Flash forward 20 years. Red Hen Bakery is a thriving business with bread distribution throughout Vermont, selling upward of 2,000 loaves of fresh bread every day. The bakery’s cafe is a popular gathering spot, selling breakfast and lunch and other items plus coffee and bread. There are now 48 employees.

With the renaissance of Camp Meade and its regular Sunday Eat Up at the Green events, plus events like last December’s Winter S’morestice celebration and this weekend’s Great Vermont Bread Festival, Red Hen is positioned perfectly for the expansion of its cafe which is underway.

But more has changed since George and Cain started the business. They’ve shifted their production to using organic ingredients sourced within 150 miles and have developed relationships with the farmers who grow their grains.

“That progression has really been one of the neat things about having this business.
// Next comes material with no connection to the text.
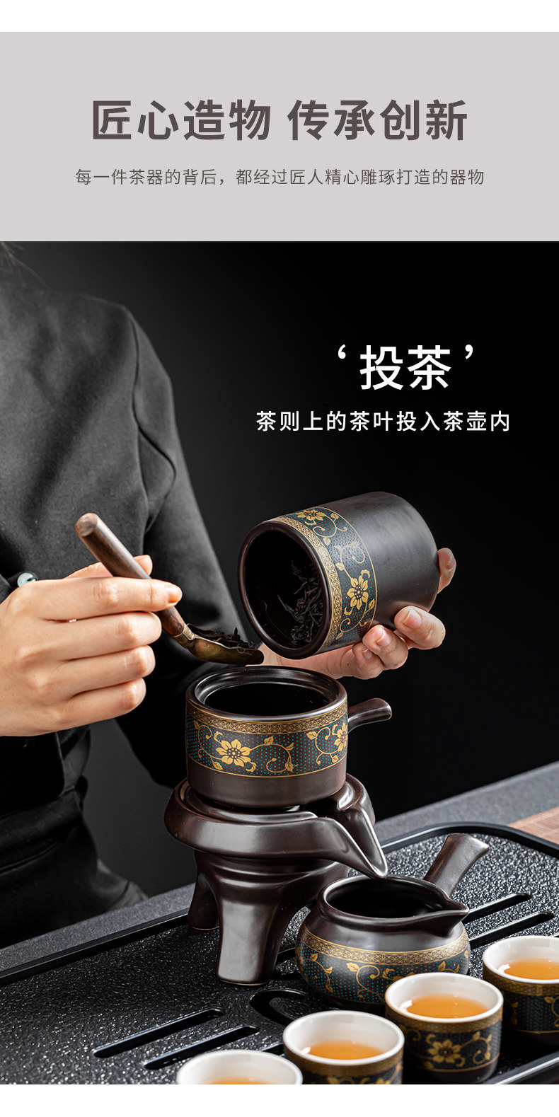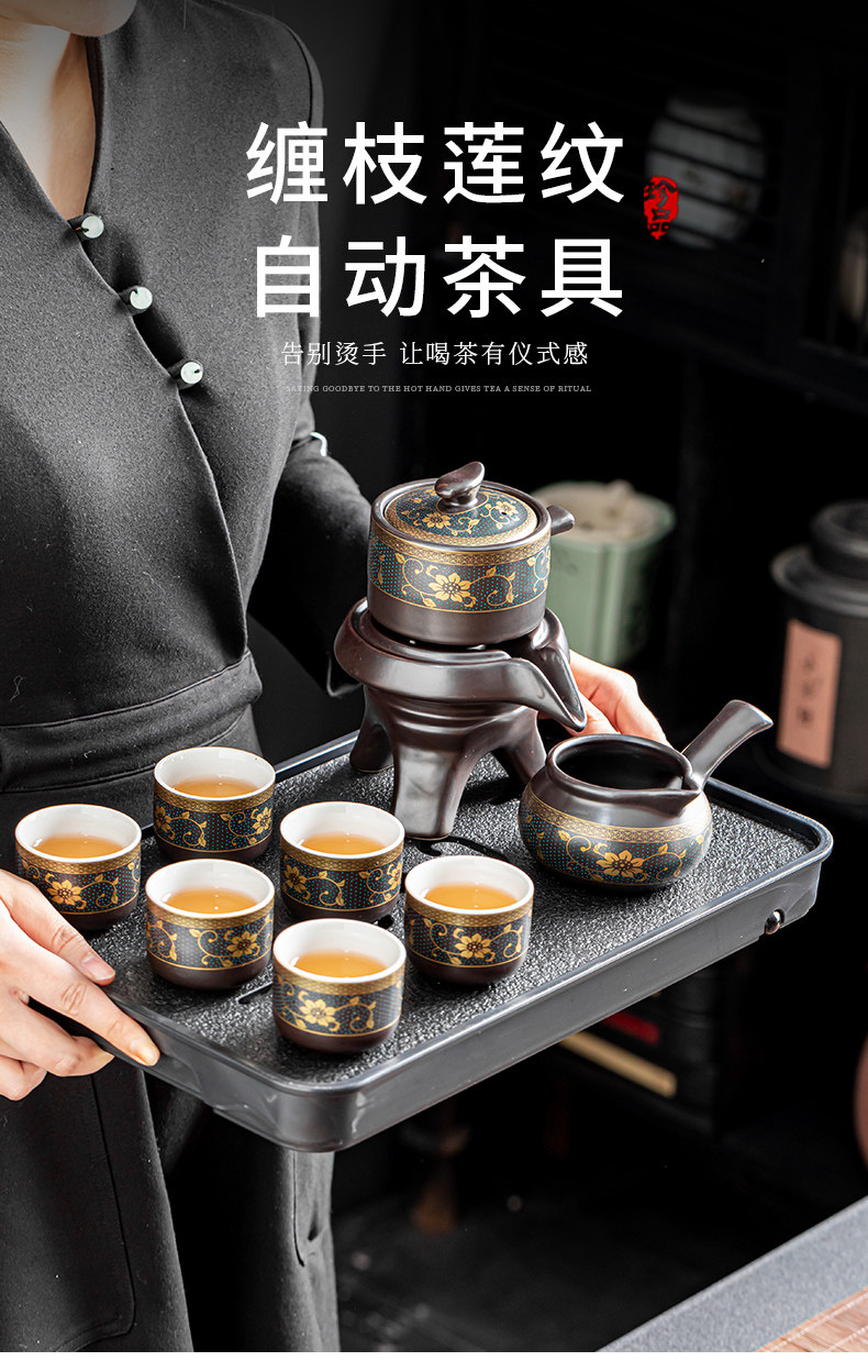 Stone Mill Lazy Automatic Tea Set for Home Use, Light Luxury High-End Tea Brewing Device, Office Kung Fu Teapot and Teacup

I never thought all this would have happened,” George said.

He feels honored that the first annual Great Vermont Bread Festival coincides with his 20th anniversary and has already been baking some loaves in the newly constructed community bread oven that will highlight the bread festival.

“We’re 20 years old now and there are bakeries of this type, making handmade bread that were doing this well before we were. There’s a rich tradition here in Vermont, which makes things better for everybody. That groundwork was established when we got going. It’s not just bread, it’s beer, it’s cheese, it’s local food sourced and created locally,” he said.

He’s excited to socialize and work alongside the many Vermont bread bakers who will be at this weekend’s bread festival. Bakers, he said, are very friendly and collaborative in Vermont, but are also very busy, so they don’t usually take the time to get together.

Great Vermont Bread Festival oven

BREAD BAKING CELEBRATION

“I’m excited about this day with the Vermont baking community and I thought it would be really great to get all of the many bread bakers around the state together and have a celebration of what Vermont bread baking is,” he added.

Bakers from throughout the state will be baking bread in the community oven throughout the day (which starts with a French toast breakfast at 8 a.m.) and runs through evening. A variety of toppings will be available to eat with the various loaves. There will be kids activities, beer and other beverages, demonstrations, discussions and a pop-up bookstore.

Cain and George will be there, along with their daughters Maia, 15 (who works in the cafe as a barista), and Solveig, 13 (an accomplished baker of cakes and pies). The couple met in Portland, Oregon. Cain is from Waitsfield and George is from Maine. They live in Moretown.